Short answer For most Western travelers, no, Morocco is visa-free for up to 90 days. Show up with a passport valid for at least 6 months and a return ticket, and you get a stamp at the border.
For most Western travelers, no, Morocco is visa-free for up to 90 days. Show up with a passport valid for at least 6 months and a return ticket, and you get a stamp at the border.
Visa-free passports (90 days)
EU/EEA, UK, US, Canada, Australia, New Zealand, Japan, South Korea, Brazil, Argentina, Mexico, UAE, Saudi Arabia, Turkey, Switzerland, Norway, the full list is ~70 countries. If you’re traveling on one of these passports, you don’t need to do anything before arrival.
E-visa countries
A handful of countries (including India, China, Israel, Thailand) can apply for an official e-visa, 100% online, takes 72 hours, costs around €25. The e-visa is valid for 30 days.

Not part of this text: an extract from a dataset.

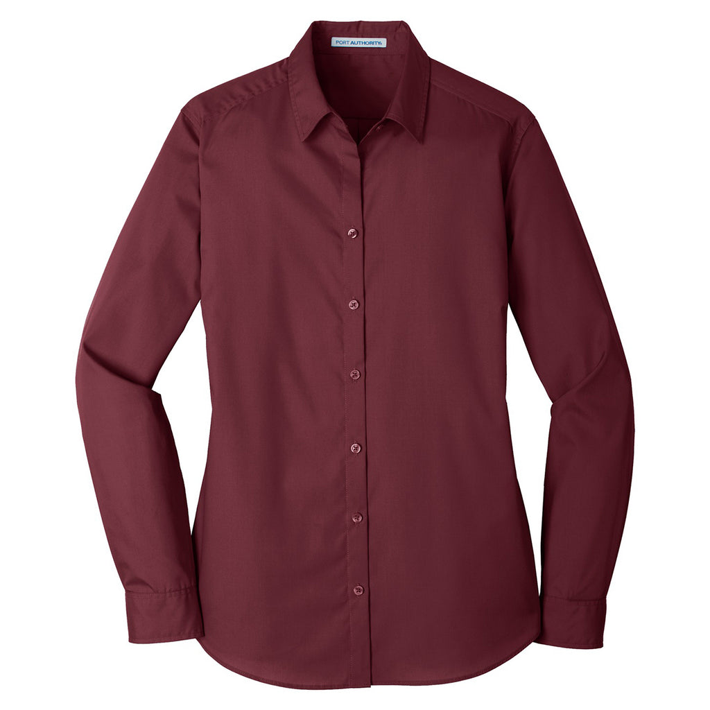 Port Authority Women's Burgundy Long Sleeve Carefree Poplin Shirt

Visa-on-application countries
Most African passports, Russia, and a few others need to apply at a Moroccan consulate before flying. Allow 2–3 weeks.
At the border, what to have ready
Whether or not you need a visa, border officers ask:
- Where are you staying? Have your first riad/hotel name and address on your phone or printed. “I’ll figure it out” is the wrong answer.
- Return ticket? They occasionally ask to see proof of onward travel.
- How long? Be specific. “Two weeks” is fine. “Maybe a month or two” raises eyebrows.
You’ll fill in a small white entry card in flight or at the desk: passport number, profession, address in Morocco. Keep the half they hand back, you’ll need it at exit.
Extending your stay
If you want to stay past 90 days, you must leave the country (a Spain run via Tangier ferry counts) and re-enter, or apply for a Carte de Séjour through your local police, slow, paperwork-heavy, only worth it for residents.
Common mistakes
- Expired passport. Six months validity from arrival date, not departure. Renew before flying if you’re close.
- Damaged passport. A torn page or water damage can get you turned around at the gate.
- Missing entry card on exit. They will hold you at the airport. Take a photo of the stamped half right after you clear immigration.